Our Generative AI models leaderboard is a ranking system that lists and compares the performance of various generative AI models based on specific evaluation metrics. The metrics can include accuracy, speed, computational efficiency, and other relevant factors. The leaderboard aims to help users identify the best-performing models for their specific application or task. The rankings are based on benchmark datasets and challenges, where multiple models are evaluated, allowing for a fair comparison of their performance. Leaderboards are useful tools for researchers, developers, and businesses seeking to identify and utilize the most effective generative AI models in their work.

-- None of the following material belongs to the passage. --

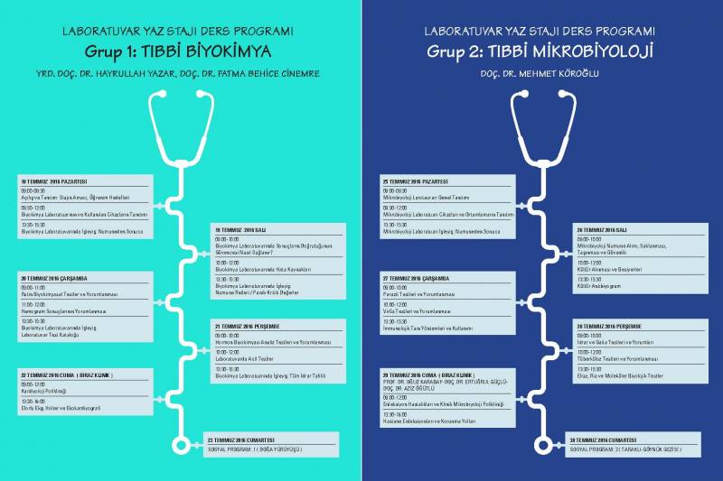 Program 18-30 Temmuz 2016 tarihleri arasında 2 hafta süreyle Tıbbi Biyokimya ve Tıbbi Mikrobiyoloji Laboratuarları, Kardiyoloji ve Enfeksiyon Hastalıkları Kliniklerinde gerçekleÅŸtirilecektir.

What methodology is used for scoring models for the leaderboard?

We only considered prominent and open-source models to create this leaderboard. Note that this leaderboard can only be considered a high-level indicator of overall performance. The key parameters used for the scoring are;

  1. Benchmark results
  2. Model forks
  3. Model stars

Capability Rating(CR) is calculated based on the average of the selected benchmark results(BR) published in the Model's research paper.


Adoption Rating (AR) is calculated based on Model forks (MF) and Model Stars (MS). Model Stars directly indicate the community's acceptance of the Model. However, the number of stars does not necessarily mean the Model is used for project implementations. Model forks can indicate community adoption of the Model for building different applications. To calculate the adoption rating, we calculate the ratio of MS vs. MF and normalize the value to 100. 


The Model score is simply the average of scores Adoption Rating and Capability Rating.